WHAT TO PRODUCE:
Could you copy exactly the lines below, beginning at the line with "Komfortable 100 m²" and stopping after the line with "En 2023, 9 festivos", with no pictures?

DATASET EXCERPTS:

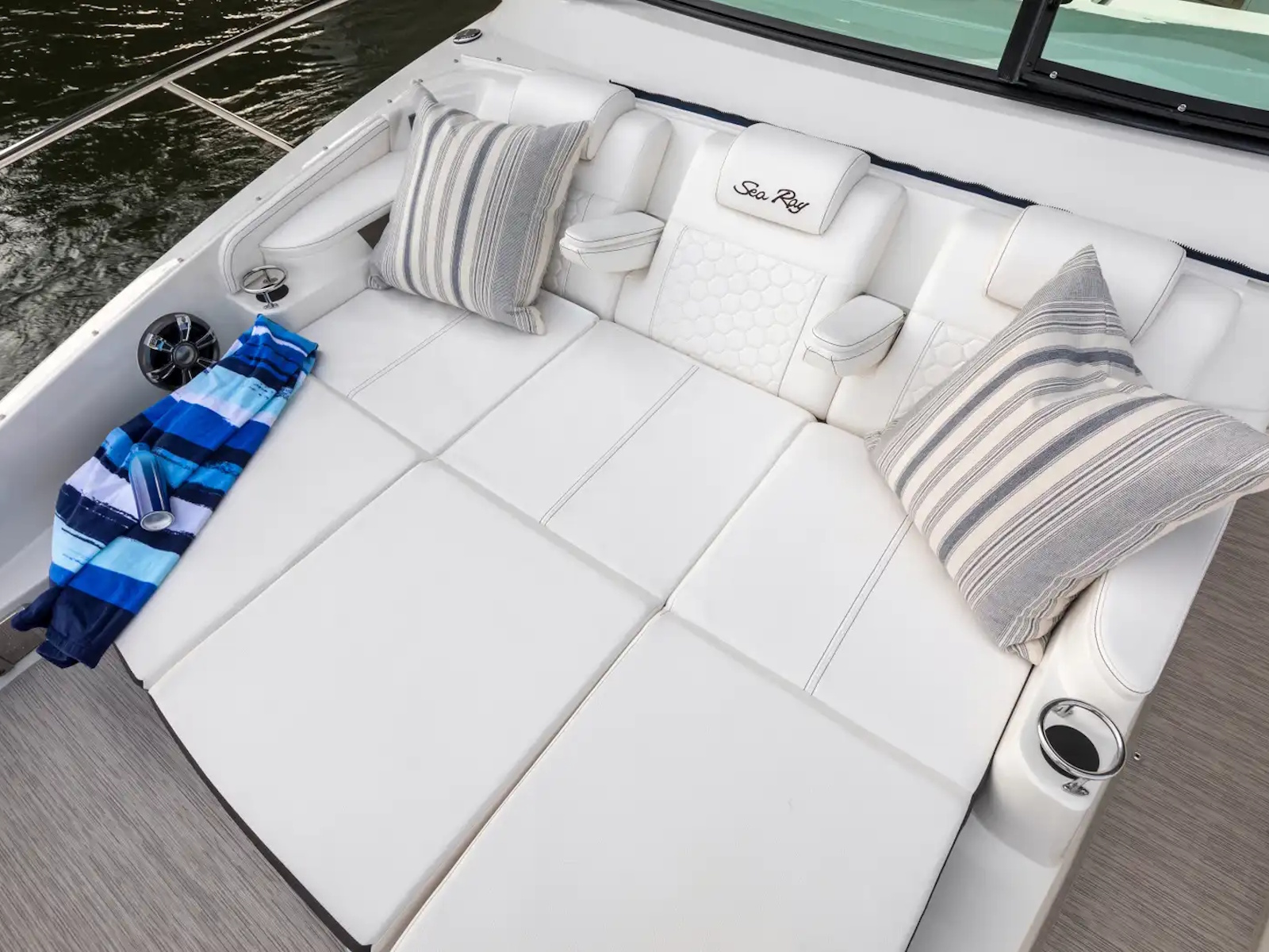 Expansive open bow lounging & seating area with actuated headrests and armrests on the Sundancer 320 Outboard, allow for perfect comfort while underway or at rest.
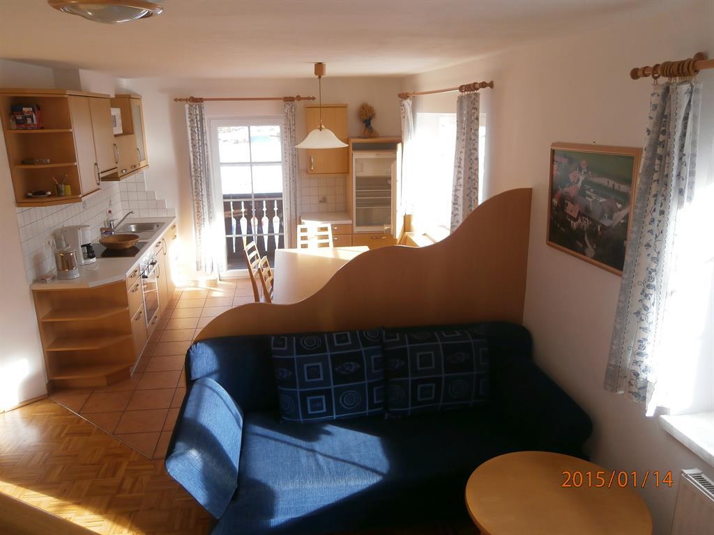 Komfortable 100 m² Wohnung über 2 Etagen in einem Nebengebäude direkt am Bauernhof. Vorraum mit Garderobe, geräumige Wohnküche, 3 Schlafzimmer (2 Doppelzimmer, 1 Dreibettzimmer,Zustellbetten möglich), Badezimmer mit Badewanne, Dusche, 2 WC und 2 Balkone. In den Schlafzimmern Vollholzmöbel aus Zirbe und Parkettböden. In jedem Stockwerk eigene Sanitärräume. Wohn-Küche mit E-Herd mit Backrohr, Mikrowelle, Kühlschrank mit Gefrierfach, Filtekaffeemaschine, Wasserkocher, Koch- und Essgeschirr, Eckbank mit Esstisch, Couch, SAT-TV, WLAN.
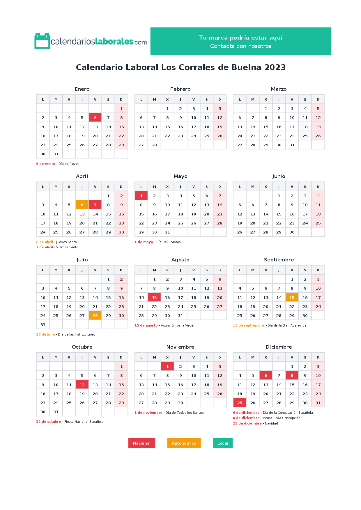 En 2023, 9 festivos nacionales se celebran en todo el territorio español, incluidos en el calendario laboral de Los Corrales de Buelna.
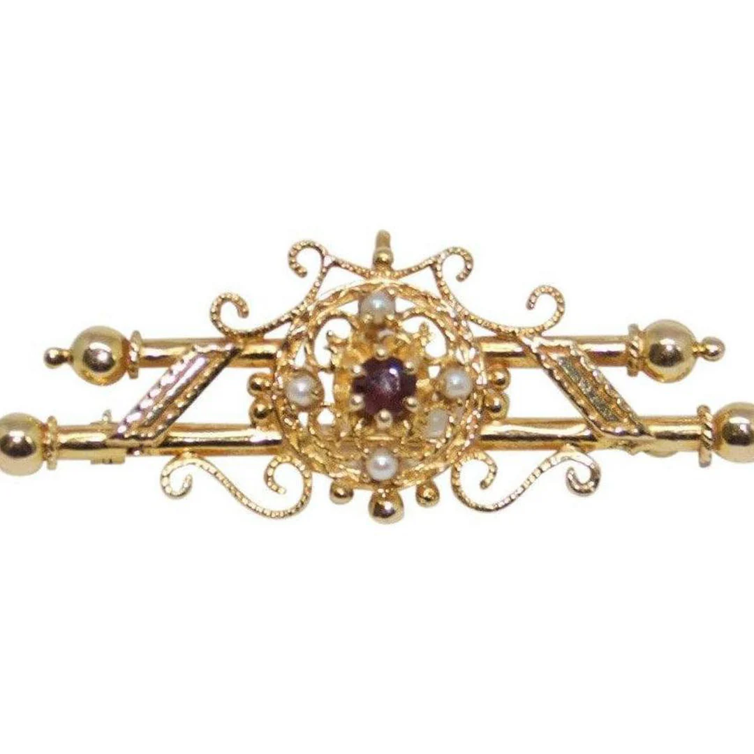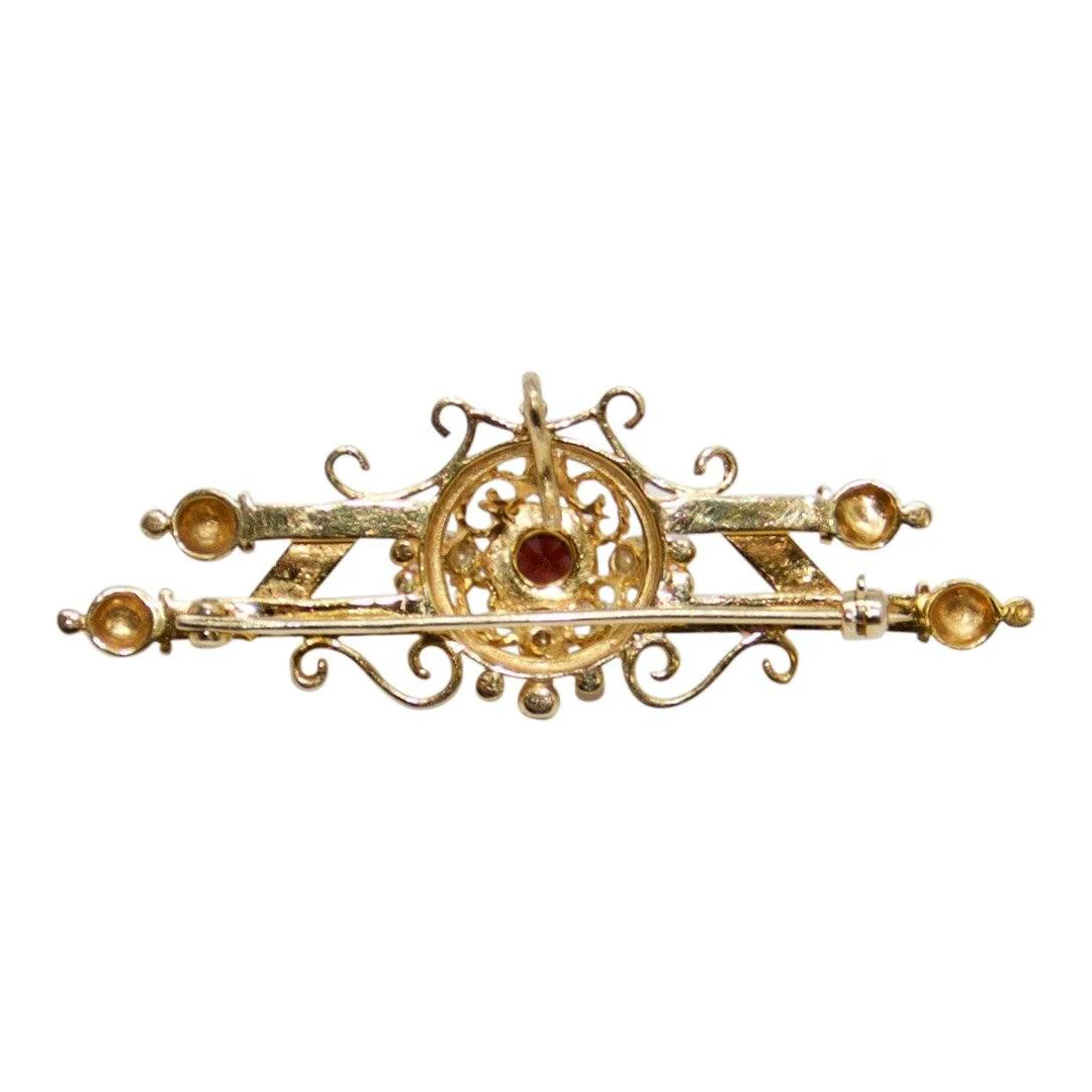 Antique Art Deco Garnet and Pearl Brooch/Pendant
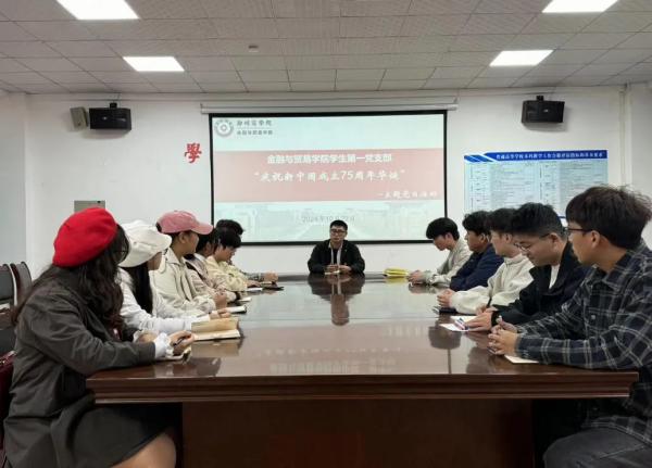 10月23日,金贸学院学生第三党支部于32号楼“一站式”团体活动室开展“庆祝新中国成立75周年华诞”主题党日活动,我院学生第三党支部全体党员参加。
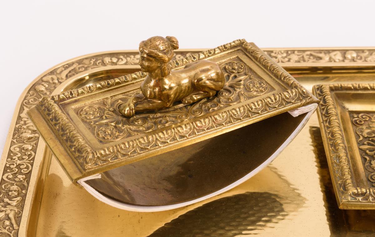 Kerzenleuchter, Fidibushalter und Löschwiege mit gleichem Reliefornament; Wiege zusätzlich mit applizierter Figur einer Sphinx. Tablett mit Putten im Reliefornament auf der Fahne. Wenige Alters-/Gebrauchsspuren.

PROBLEM SOLUTION:
 Komfortable 100 m² Wohnung über 2 Etagen in einem Nebengebäude direkt am Bauernhof. Vorraum mit Garderobe, geräumige Wohnküche, 3 Schlafzimmer (2 Doppelzimmer, 1 Dreibettzimmer,Zustellbetten möglich), Badezimmer mit Badewanne, Dusche, 2 WC und 2 Balkone. In den Schlafzimmern Vollholzmöbel aus Zirbe und Parkettböden. In jedem Stockwerk eigene Sanitärräume. Wohn-Küche mit E-Herd mit Backrohr, Mikrowelle, Kühlschrank mit Gefrierfach, Filtekaffeemaschine, Wasserkocher, Koch- und Essgeschirr, Eckbank mit Esstisch, Couch, SAT-TV, WLAN.
 En 2023, 9 festivos nacionales se celebran en todo el territorio español, incluidos en el calendario laboral de Los Corrales de Buelna.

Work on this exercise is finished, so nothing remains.